West Virginia BEAD Plan Approved
The approved plan would spend $78 million less than the state's tentative awards.
Jake Neenan
WASHINGTON, Nov. 21, 2025 – West Virginia’s final spending plan under the Broadband Equity, Access, and Deployment program has been approved by the Commerce Department, the state’s governor announced Friday.
The approved plan would spend $545 million on broadband deployment to about 73,044 locations, according to a release from the office of West Virginia Gov. Patrick Morrisey (R).
That’s a reduction of more than $78 million from the state’s tentative plan posted in September, which was mostly fiber, and about 650 fewer locations. Broadband Breakfast reached out to the state’s broadband office for a copy of the approved plan and location-level data, which wasn’t online Friday morning.
“This means West Virginia is another step closer to better-connecting our homes, businesses, and classrooms across the state,” Sen. Shelley Moore Capito, R-W. Va., said in a separate statement released Thursday. “I have had dozens of conversations with the Administration and our state officials, and while there is still a long road ahead to getting more West Virginians connected, we are well on our way with today’s announcement.”
National Telecommunications and Information Administration Administrator Arielle Roth said in a statement in Capito’s release that an August visit to the state was “invaluable in deepening my understanding of” West Virginia’s “unique connectivity challenges.”
On a local radio show in September, Capito said she, the broadband office, and West Virginia ISPs took Roth’s visit as a chance to defend the state’s plans to get fiber to nearly 95 percent of its eligible locations. The Trump administration has pushed for states to save on deployment cost, and fiber has the highest capacity but is more expensive to deploy.
“We basically said ‘In West Virginia, it is almost impossible to be served adequately by any kind of satellite. There’s latency, you can’t get it. The trees, the hollers, all of those things,’” Capito said. “We’re trying to make the case that hardwiring, or fiber, is the only way to go. Which is more expensive.”
She spoke on WCHS Radio’s The Dave Allen Show.
With the addition of West Virginia, 17 states have had their final proposals approved, along with three territories. One state, Louisiana, has had their award cleared by BEAD’s grants manager, a separate process, and has access to their funding.
Not all those states have posted their NTIA-approved final proposals, but at least Texas, Louisiana, and Maine showed relatively few changes from their tentative results.
West Virginia was allocated more than $1.2 billion, putting its approved awards about $654 million under budget. Other states have also delivered on the Trump administration’s desire for savings, with the approved plans now coming in about $8.6 billion below their allocations.
NTIA expects more than $21 billion remaining
Based on tentative approvals, NTIA expects more than $21 billion of the program’s funding not to be needed for broadband deployment projects.
It’s not clear what will happen to that money, as NTIA rescinded approval for non-deployment activities in June. Roth has suggested potentially using some of the money to streamline permitting processes, but said last month that “no final decisions have been made.”
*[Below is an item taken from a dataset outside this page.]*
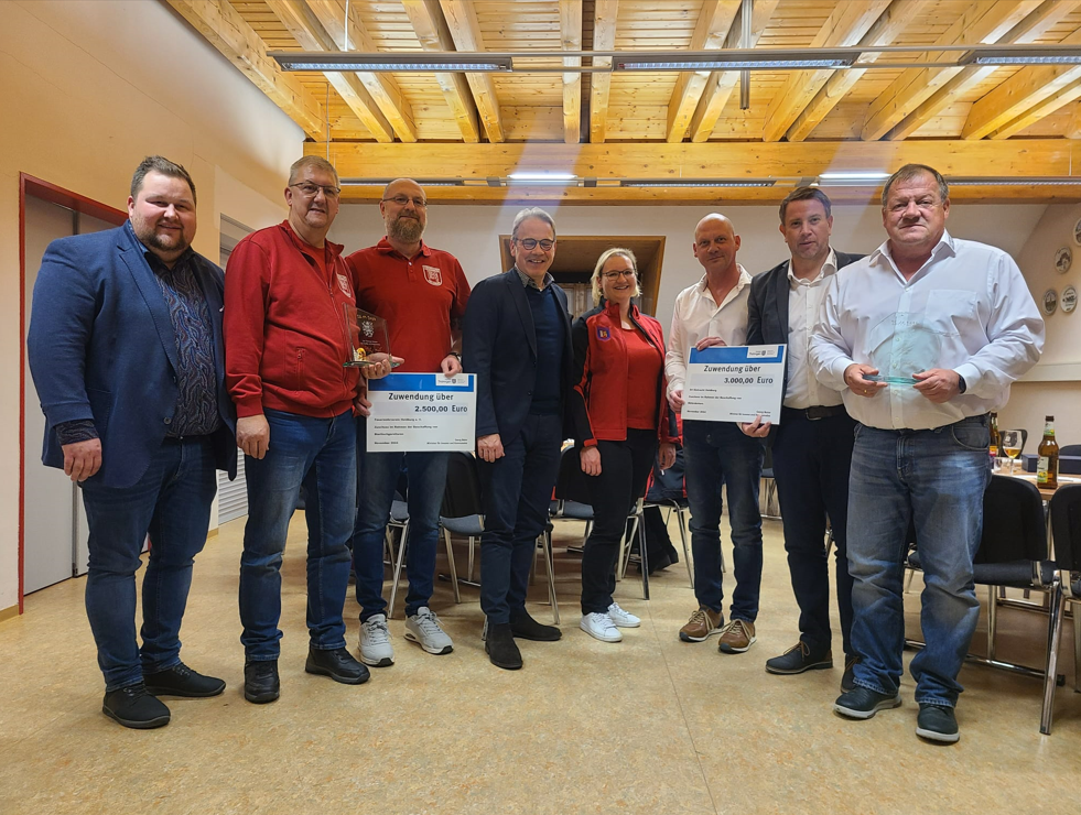 Dem riesigen BMW-Kofferraum entnahm er zwei Schecks und zwei Karton, denn wie heißt es so schön: Kleine Geschenke erhalten die Freundschaft. Ziel des Ganzen war die Übergabe von Zuwendungen, welche für zwei engagierte Vereine der Stadt Heldburg vorgesehen waren. Die Vorsitzenden des Feuerwehrvereins und des Sportvereins Eintracht Heldburg erhielten dann aus der persönlichen Hand des Innenministers Thüringens, Georg Maier, jeweils einen Scheck über Lottomittel und eine gläserne wertvolle Erinnerung mit persönlicher Minister – Signatur.

Capito, along with some other lawmakers, have been pushing for states to hang on to their full allocations. Broadband offices had been planning to use remaining cash for broadband adoption efforts, workforce development, and other things.
A draft executive order circulated Wednesday would direct NTIA to prepare a memo detailing plans to withhold non-deployment funds from states with “onerous” regulations on AI companies.
“Any legal implications of conditioning access to federal broadband funding on state AI laws would not be known until NTIA released its guidance articulating those conditions,” Sean Conway, former deputy chief counsel at NTIA, said in an email Thursday. “With that said, one could foresee conditions potentially raising grants law, appropriations law, and even constitutional issues depending on the substance of the conditions.”